Barbadian Brazilians

Total population
- 5,000

Regions with significant populations
- Porto Velho · Manaus · Belém^{[citation needed]}

Languages
- Portuguese · Bajan Creole^{[citation needed]}

Religion
- Major Roman Catholics Animists · Protestants^{[citation needed]}

Related ethnic groups
- Barbadian British · Barbadian Canadians

= Barbadian Brazilians =

Barbadian Brazilians (Barbadiano-brasileiro) or Bajans, refers to Brazilian people of full, partial or predominantly Barbadian ancestry, or Barbadian-born people residing in Brazil.

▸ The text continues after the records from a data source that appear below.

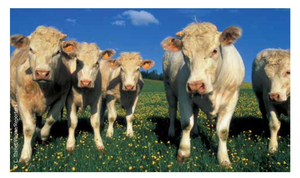
Agriculture must provide safe food of good quality.

The European Commission represents the EU in international negotiations at the World Trade Organisation (WTO). The EU wants the WTO to put more emphasis on food quality, the precautionary principle ('better safe than sorry') and animal welfare.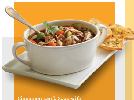
Cinnamon Lamb Soup with MINOR'S® Natural Gluten Free Beef Base

Nestlé Professional soup bases and sauces are the foundation of popular savory soups and noodle bowls that invite students to create their own flavor experience. Simply prep the broth and feature complementary ingredients in your action station for customizable combinations they won't forget.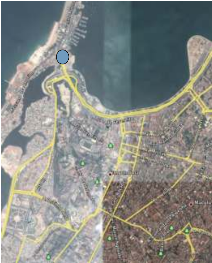
LUANDA BAY WATER FRONT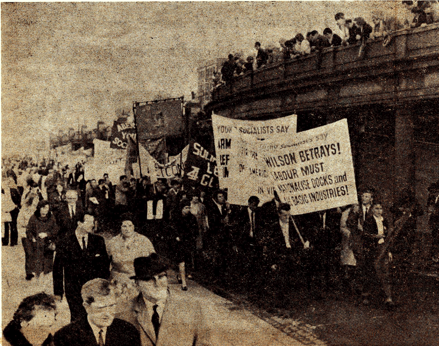
Crowds of holidaymakers watch as the demonstration begins on the Promenade, Blackpool.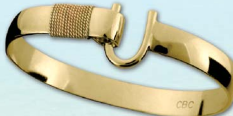
Montesino Hook Bracelet (Y8L) 14k Gold • Wrist sizes 7" / 7.5" / 8" / 8.5" 8mm thickness • Retail — See Price List!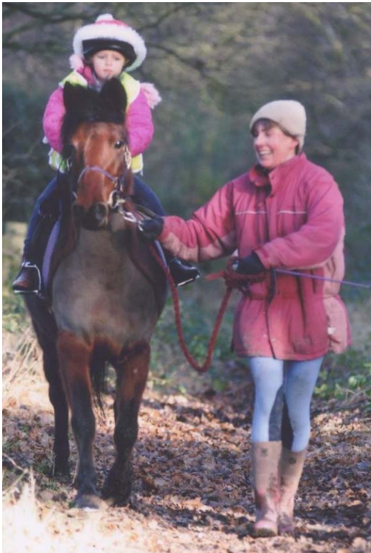
Me on my pony Poppy with Mummy leading me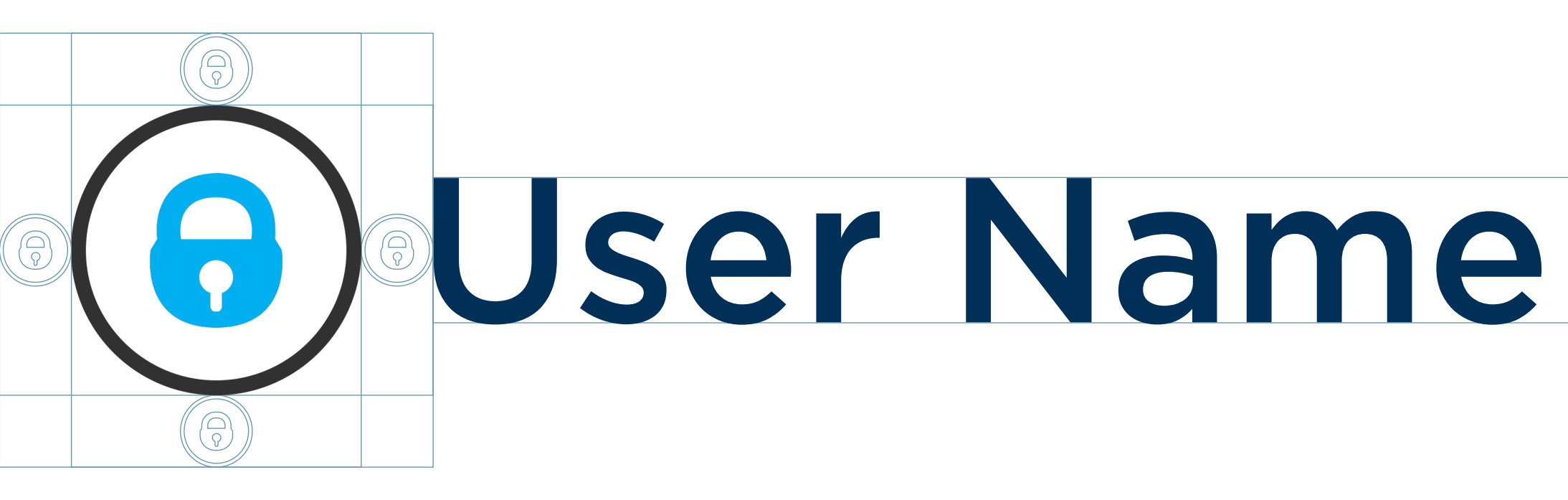
Logo clear space

Feel free to use a typeface that's from your brand's design system.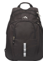
Tred Omega Backpack p.18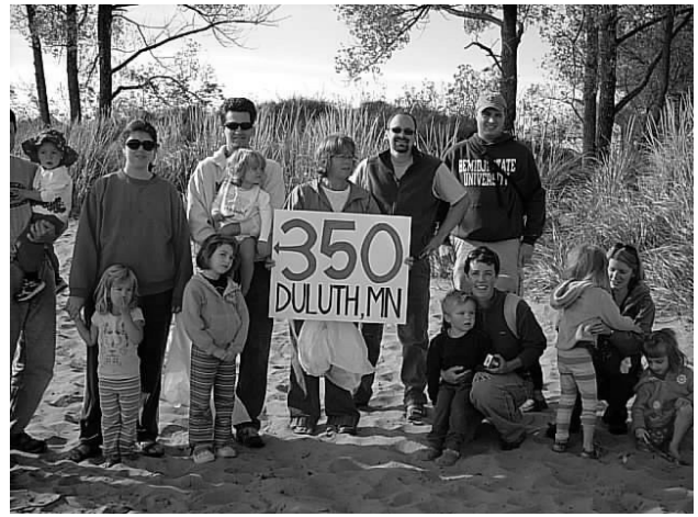
Family Beach Cleanup held on 10/10/10

A reminder to all Park Pointers, especially a certain "long time resident of Park Point". I'll be happy to print anyone's letter to the editor in the Breeze, providing they're not obscene or libelous, but they must be signed! Unsigned letters go in the circular file.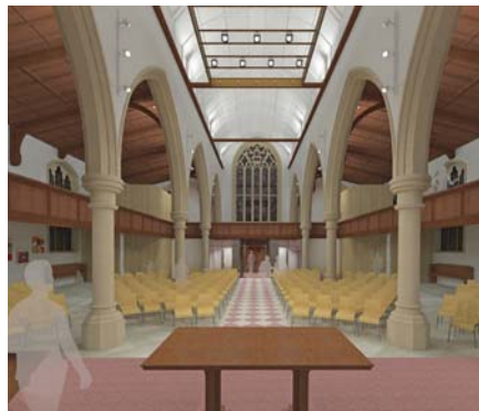
The church will become a new arts venue

A new flexible arts space is set to be created in the heart of Ashford, Kent, after the local authority was awarded £4.2m of Growth Area Funding for 2010-11 from the central government.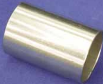
Crimp Ferrules - for all hose types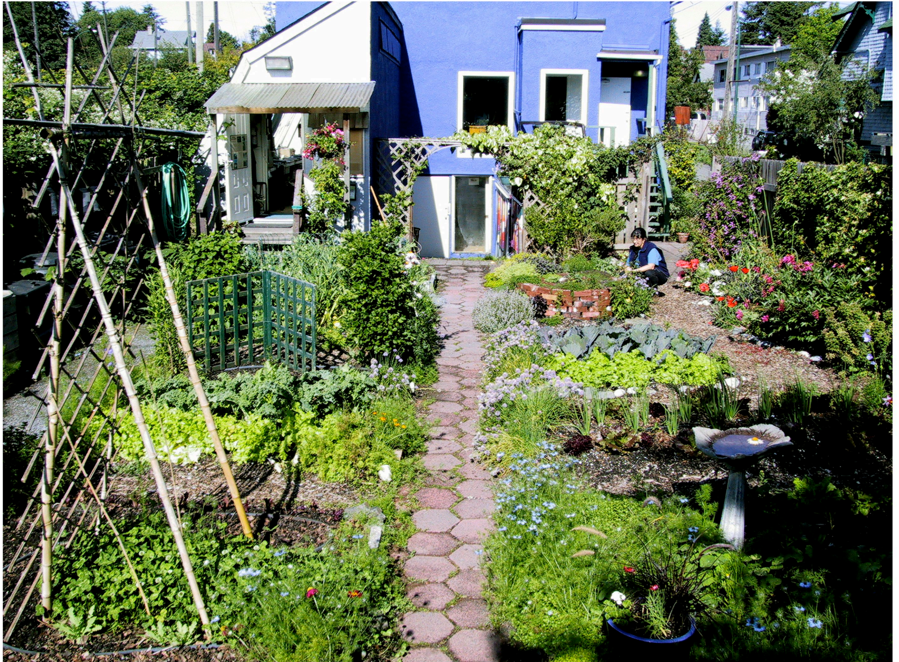
For over 25 years, food has been grown using organic methods at the Vancouver Compost Garden.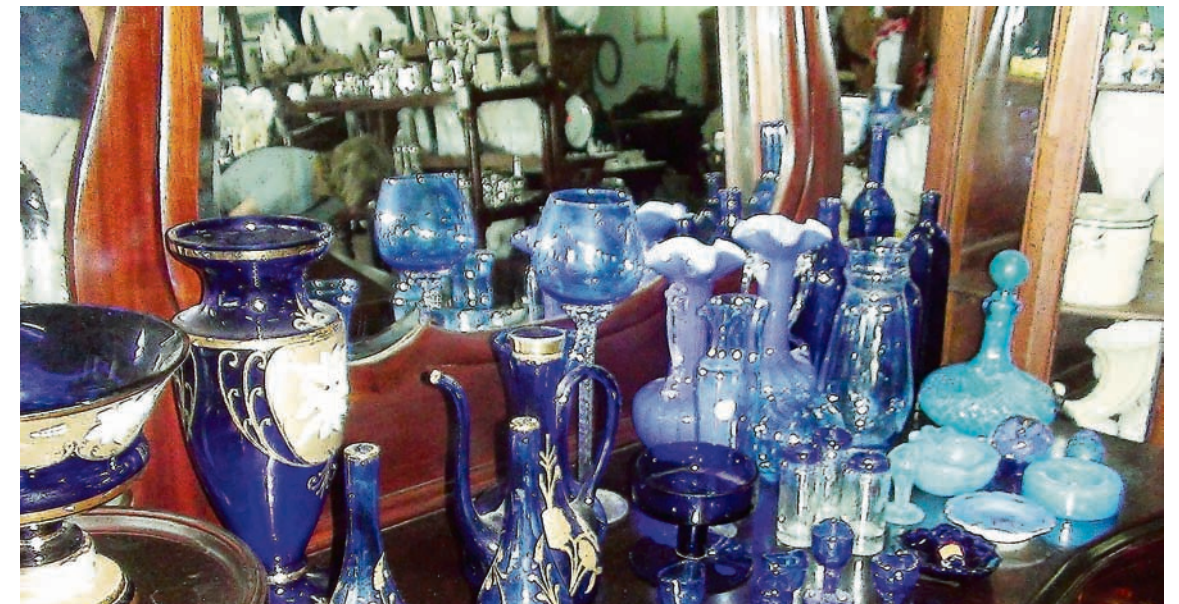
Those were the days when things were blue.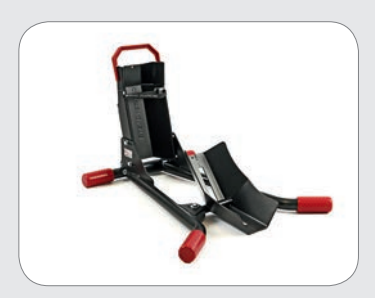
cradle-style wheel holder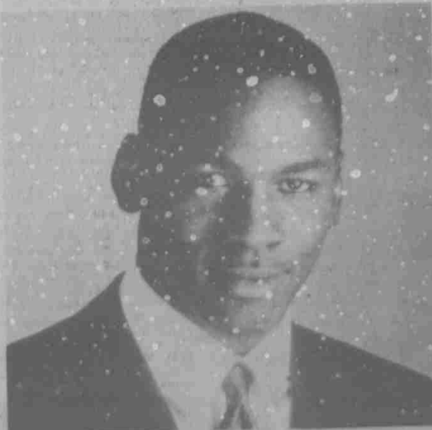
Michael Jordan - talented Chicago Bull and MVP of 1988 All-Star Game.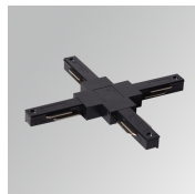
Product code: TLSUXJDB

Description: SUSPENSION CABLE TRACK 48V NK.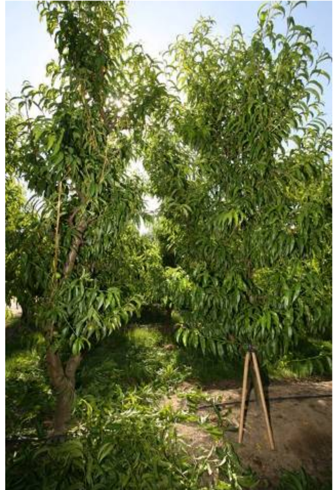
Picture 3. Heavy summer pruning (tree on left) approximately 60 days before harvest significantly reduced corking over no summer pruning (tree on right).

As such, on those varieties and blocks known to have problems with corking, growers should avoid stimulating excessive vigor. Most importantly, in seasons in which March and April temperatures are significantly cooler than normal, trees should probably be summer pruned sometime in May or early June by significantly reducing the number of total growing points.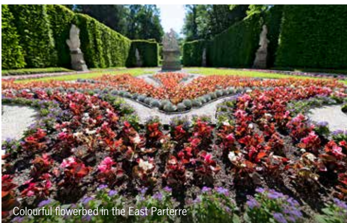
Colourful flowerbed in the East Parterre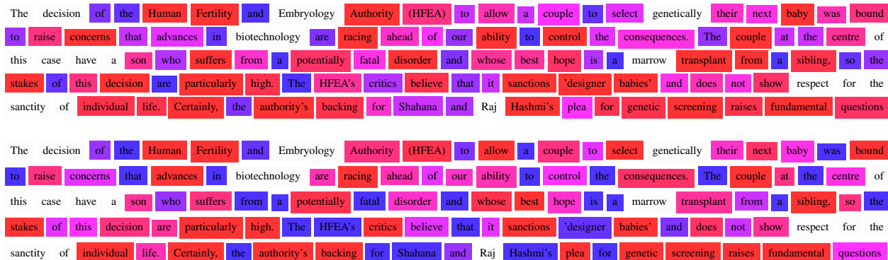
Figure 2: Top: Heatmap showing human fixation probabilities, as estimated from the ten readers in the Dundee corpus. In cases of track loss, we replaced the missing value with the corresponding reader’s overall fixation rate. Bottom: Heatmap showing fixation probabilities simulated by NEAT. Color gradient ranges from blue (low probability) to red (high probability); words without color are at the beginning or end of a sequence, or out of vocabulary.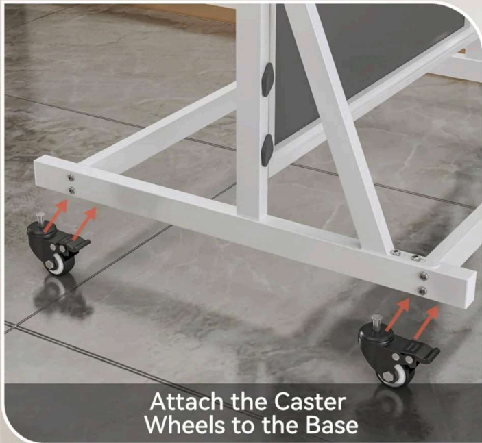
Attach the Caster Wheels to the Base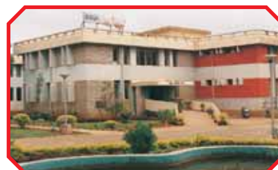
NPTI (PSTI) BENGALURU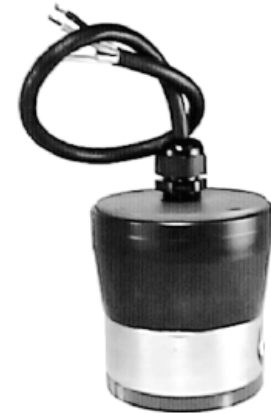
TM04AT0A Representative Model

With only two moving parts and exceptional pressure loss characteristics, Mini Oval is the intelligent approach to metering systems. With flow rates in 0.03-20 GPM range, FPP Meters versatile Mini Oval Series offers either non-factored pulse output or electronic registration.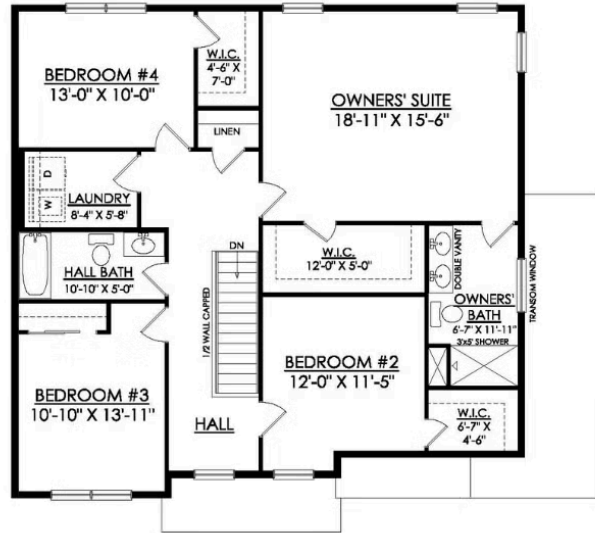
MADISON TRADITIONAL STARTING AT 2392 SF

In Hillcrest Estates at Mountain Top from $446,900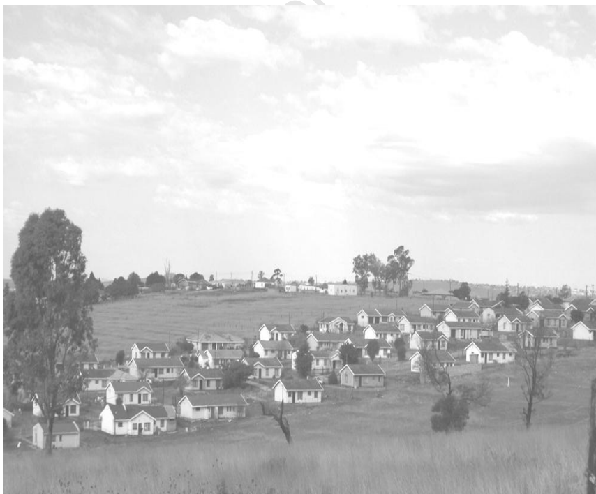
Figure 4. Phase one, Ncambedlana Extension.

Phase one was developed on the Matebese farm, phase two on the Mphako farm and phase three on the Qhinga farm. When construction on phase four was to begin, it was stalled because of infrastructural difficulties. It is alleged that the Mthatha municipality could not support the development due to inadequate sewerage infrastructure in the town. The remaining five farms remain inactive as they have already been sub-divided and are tied to the residential development. 121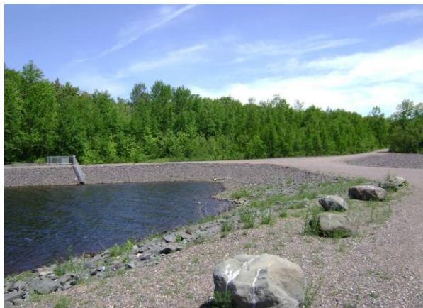
Figure 8: Boston Pond and driveway entry, picture taken July 2008.

Figure 8 shows a portion of Boston Pond and the access from the road, while Figure 9 shows the parking area for Calumet Lake. Table 6 presents the maximum levels of inorganic chemicals from both Boston Pond and Calumet Lake sampling over the site-specific screening levels or comparison values. (See Table C-6 in Appendix C for the full list of chemicals measured.)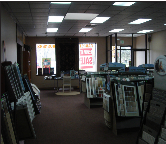
Interior Retail Space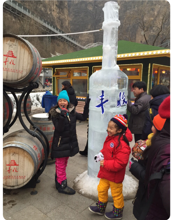
Magnificent ice sculptures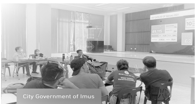
Along with the Pride Month celebration this June, this Friday held the Multi-Sector (STI, HIV, AIDS) Council Meeting. The issues of reproductive health were discussed at the meeting along with effective programs implemented around it. These programs include Test Landing on You, a house-to-house testing service led by Imus Reproductive Health and Wellness Center.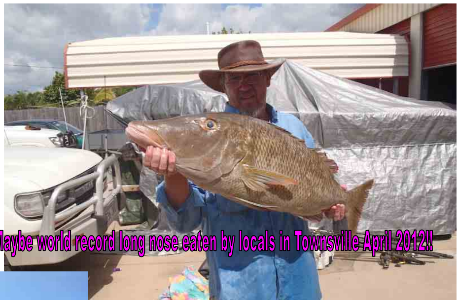
Maybe world record long nose eaten by locals in Townsville April 2012!!

As a proud sponsor of the Sunshine Coast Fishing Club, Red Energy Promotions are here to support the club and its members for any of your promotional needs. Call us on 5437 9922 or visit www.redenergypromotions.com.au for more details.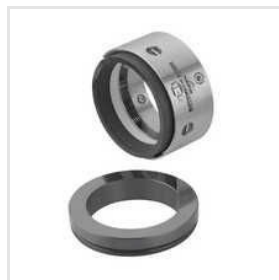
R58U Multi Spring Seals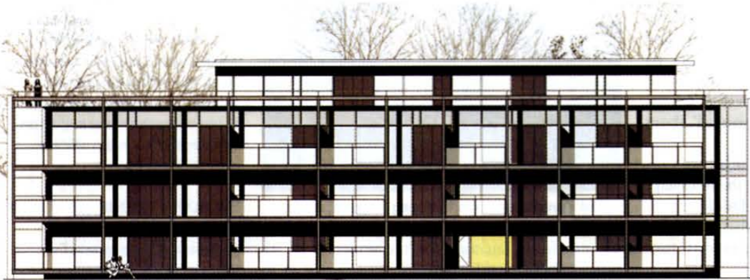
Above: typical elevation of the new housing. Right: 17 new blocks are added to the site. Below: Oaklands College before the canopy and pool were removed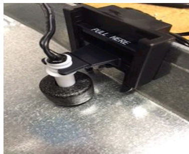
PUSH IT DOWN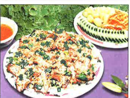
37. Bánh Hủ Thịt Nướng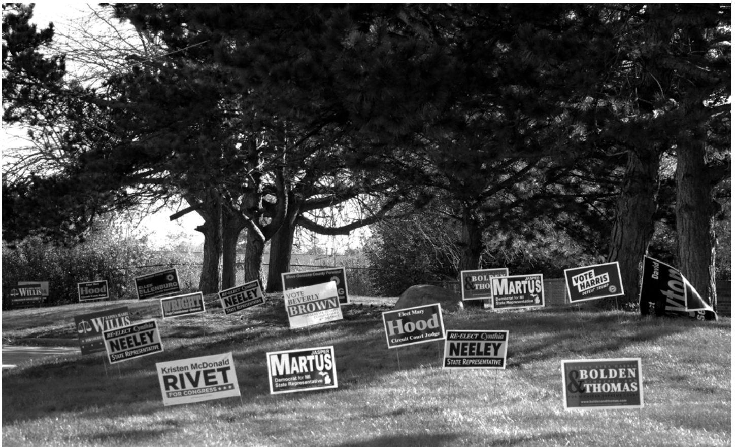
Candidate signs outside of UAW 651 on Longway Boulevard.

So, while I can't be sure what it means that America has chosen Trump, there are some explanations for his victory. As for what happens next, with a Republican Senate, a possible Republican House, a Supreme Court with Trump appointed justices, and Project 2025, there will be much to watch. ●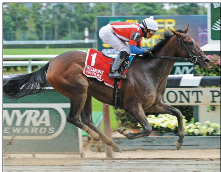
Temper Mint Patty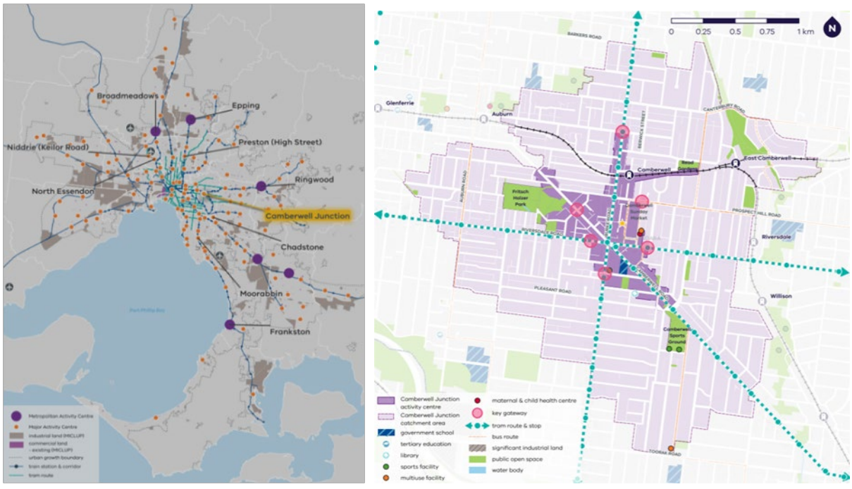
Source: Draft Camberwell Junction Activity Centre Plan, Plan 1 (left) and Figure 1 (right)

The draft Camberwell Junction Activity Centre Plan (Activity Centre Plan) sets out proposed built form parameters for the Activity Centre and the catchment that are guided by the recently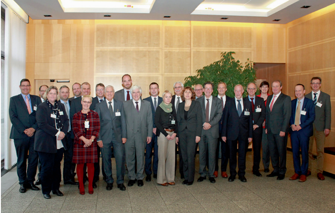
▣ Working group “Management and Control in Public Institutions”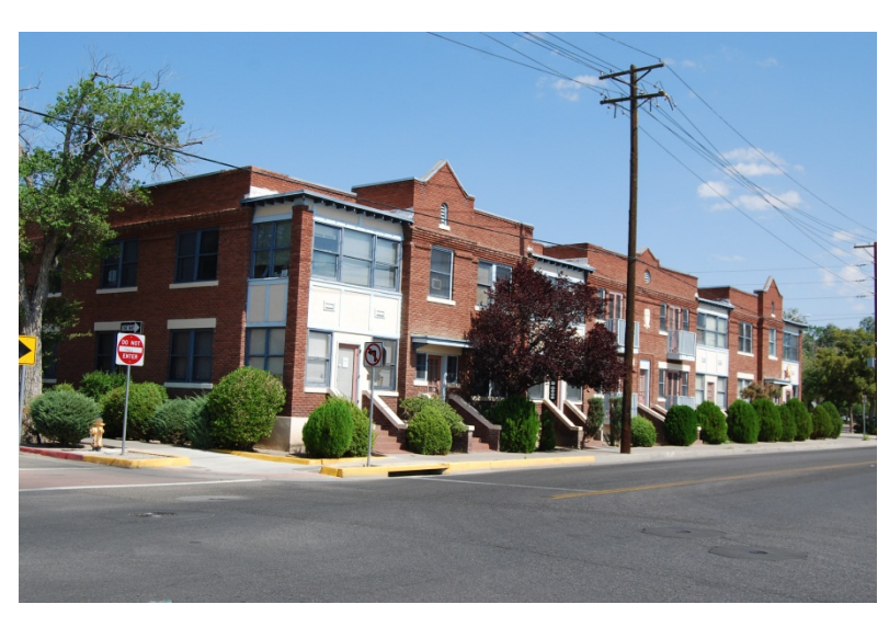
Washington Apartments (1916)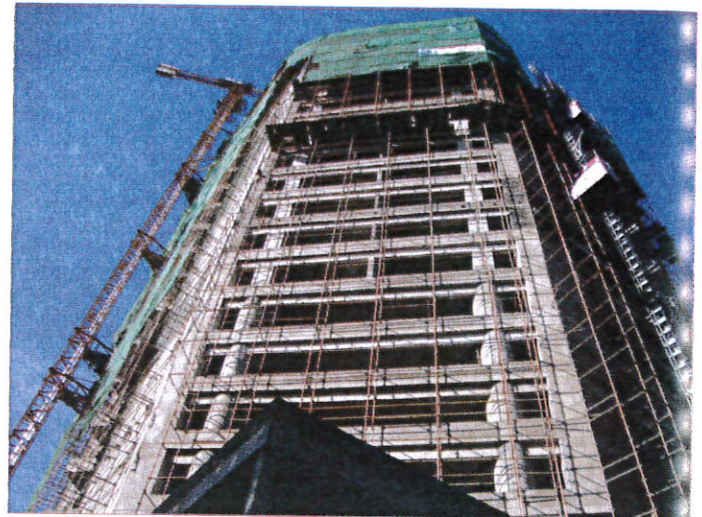
The building is easily accessible from Valley Rd and Ngong Rd

Served by an excellent road infrastructure, 4 th Ngong Avenue Towers is easily accessible from Valley Road or Ngong Road through Bishop Road. It is a few minutes drive from the Nairobi CBD and is close to several Government ministries and the Milimani commercial law courts which make the office block ideal for law firms, NGOs, professional firms and commercial enterprises.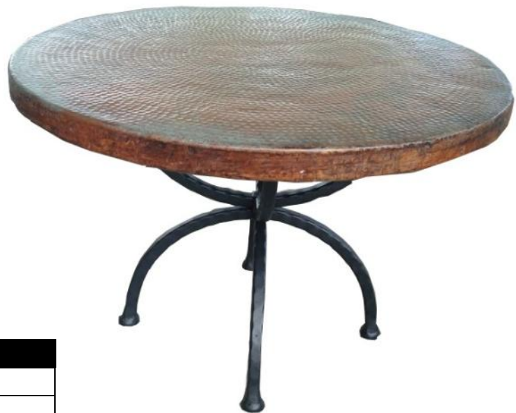
Table Top Sizes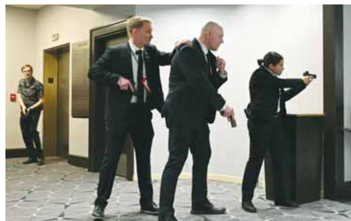
Agents draw their guns during the White House Correspondents' dinner at the Washington Hilton in Washington, DC.

"It does appear that he, he did, in fact, have set out to target folks that work in the administration, likely including the president," Blanche told NBC News' "Meet the Press," adding that the suspect likely travelled by train from Los Angeles to Chicago and then to Washington.

At the beginning of the 20th century, many Barbadians worked in the Amazonas region, Pará and Rondônia. There had been a mass exodus from the Caribbean in order to take part in the rubber boom, and the poor socio-economic conditions in Barbados at the time made Brazil an enticing place to search for a better life. In 1911 Roger Casement who was a British consular official at the time undertook a special investigation of the condition of Barbadian workers in the Putomayo Valley then part of Peru traveling to that region by going up the Amazon. The Barbadian presence is still evidenced through some surnames of British origin found in Brazil, such as Alleyne, Mottley, Maloney, Depeiza, Blackman and Layne.